"Well, At Least Our Pants Fit Better"

It's funny what you take for granted until you can't have it anymore.

Like rain during the summer. Or sleep until you have children. Or electricity until a power outage.

Or food till you're a diabetic....or married to one.

This last Thursday (07-31-08), my husband was diagnosed as having diabetes. It came out of nowhere and surprises everyone we tell. He doesn't seem to fit into the nice little "categories" of people that we usually hear as having diabetes. He's not obese, inactive, older, and has no family history of the disease.

It's only been five days, and yet so many things have changed so drastically, and a kaleidoscope of emotion is constantly whirling about. It's so easy to be frustrated by something that affects your health that you had no control over. Though he hasn't spoken it aloud, I'm sure the thought "why me?" has crossed his mind. It's certainly crossed mine. It doesn't seem fair that a 27 year old with no weight problems should have to suddenly change every eating habit he ever had, while others can eat whatever they want and weigh whatever they weigh with no consequences. I admit to feelings of fear over it as well. I have known this person for thirteen years now, and I've never ever considered the possibility that he would face a chronic disease. I've considered his mortality in relation to his pursuit of a civil service job, either police or fire. And I'd come to terms with the remote risks associated with these careers. But never have I considered that his threat would come from his own blood.

We're doing our best to focus on the positives. It's actually a good thing it was discovered at such a young age. He can take steps to minimize complications now, instead of spending the next twenty years dragging around bad eating habits that would make changes so much more difficult. We've already begun to lose some weight, which, unless you're a newborn baby, is pretty much always a good thing. We feel better because we're not eating junk. And by far the best thing is that our relationship is strengthened through this circumstance. We are each other's allies in this battle. Trials have a way of sealing the bond between us.

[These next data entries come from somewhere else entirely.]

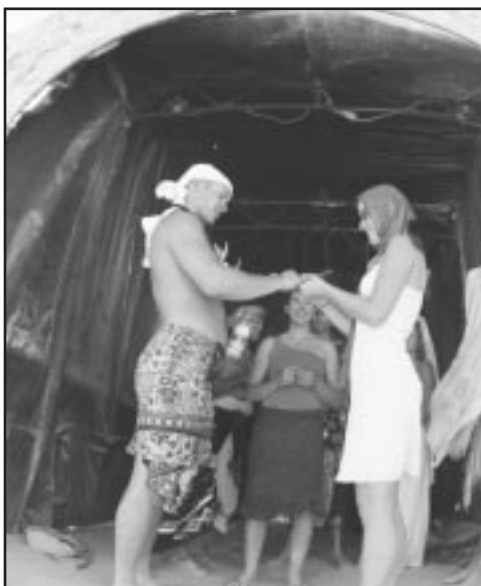
THEY DID A Santa Cruz couple ties the knot.

That definition of "freedom" is what will draw about 26,000 people to Burning Man this year. They come from all over the world to live in an environment without luxuries, but with lots of libido. It's a place without showers (unless they're handmade), free of lipstick, and a place where your body hair can get shaved by someone else, and what remains of your pubic hair can get crafted into a piece of walking "art" on your body. It's not uncommon to see nudity, in fact, nearly everyone who chatted with GT shared that they don't get "turned on" by the naked folks. Instead, they seem to view it as the absolute state of freedom. So what's so tantalizing about getting naked among a herd of strangers?
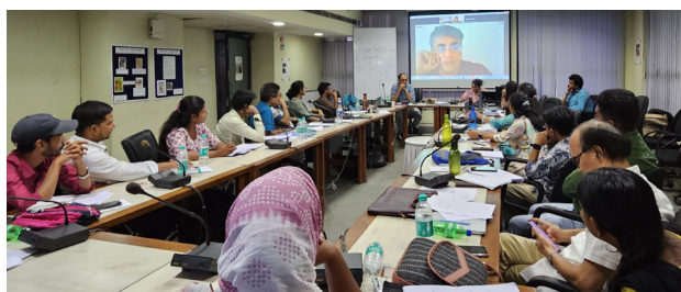
Tool training workshop, Kolkata
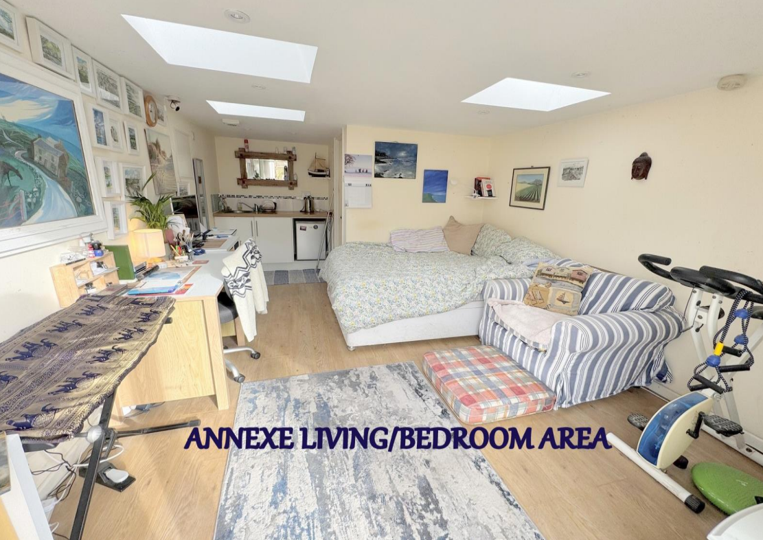
ANNEXE LIVING/BEDROOM AREA
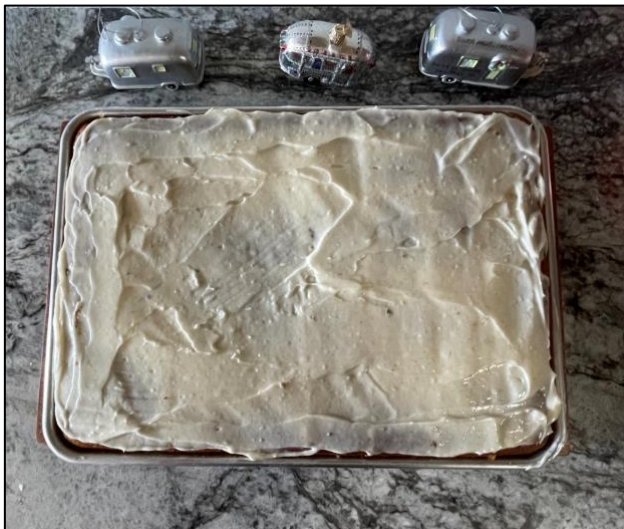
We tried out the recipe in the OAC Newsletter Test Kitchen. The verdict: delicious!
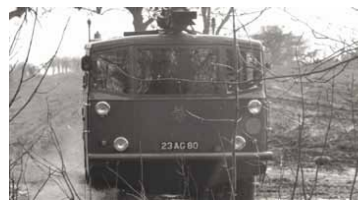
A Mk6 On RAF Catterick Rough Course

The Mk6 crash truck was built on an Alvis Salamander fighting vehicle chassis, with a Rolls Royce B81 engine, 8 cylinders in line, 237bhp @4,000rpm. The foam producing equipment was similar to that of the Mk5A. Other equipment was added such as a built in co2 fire extinguisher system for the truck and a BCF fire extinguishing system for aircraft fire fighting
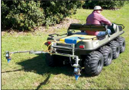
Low Ground Pressure
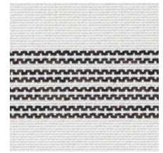
03 EBONY & IVORY
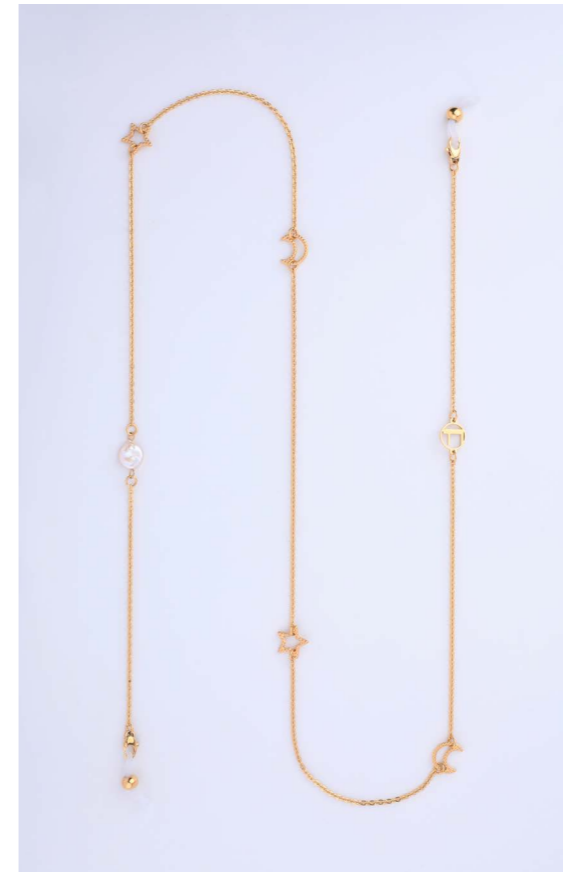
CH-081 Brixton Gold

But my heart still hurts for him. It seems so silly to get so worked up about food, but anyone who has had to make drastic changes to their diet knows how difficult it can be. We never really considered what we were eating or how much we were eating and now it's like culture shock. Nobody really follows those "serving sizes" listed on foods until they have to. Nobody thinks about that ice cream cone, or the plate full of pasta, or the cold Pepsi on a hot day until someone tells you that those foods are off limits to you. And as his wife, I can't let him go through this alone. I ate some rice today and felt so guilty afterwards. Seth loves rice. And I love Seth. So, this new way of life is for our whole family, not just him. Of course, he told me that I didn't have to eat like he did, but I told him no way was he going to lose weight and be all healthy while I sported love handles and chowed on pastries.

I know the day will come when we have adjusted and we don't really mind our way of life anymore. Gradually, we'll get used to this disease; we'll understand it; we'll know how to manage it. It will not always be at the top of our priorities or the topic of our conversations. There will come a time when we're not starving all the time and we actually will prefer the taste of Diet Rite. And above all, I believe that God will use this to help others. Diabetes is not beyond God's control or His ability to work. I know we will see good things come from this.

But for the next few weeks, if you see us and we seem jittery or miserable, it's only because we're hungry and we'd give anything to eat your brownies. It's nothing personal.

Comments

Noelle said…
Yes God does have a way of bringing things out of the blue and changing our "normal" inside out. But, when He does, he also give the grace and strength to handle it. It seems that you are growing together through it and that its great. Cling to Him and love each other. Diabetes will be a part of your life, but it will not control your life. This is where I break into Twila Paris' "God is in Control....we believe that His children will not be forsaken ..."
Hang in there.
Love,
Noelle
Noelle said…
That should be "turning our 'normal' inside out"
Noelle said…
Okay - I retyped my first comment b/c it didn't post. Now I see it had to be approved first. Sorry for the confusion.
Miranda said…
I feel a little guilty when I have something carbish now too.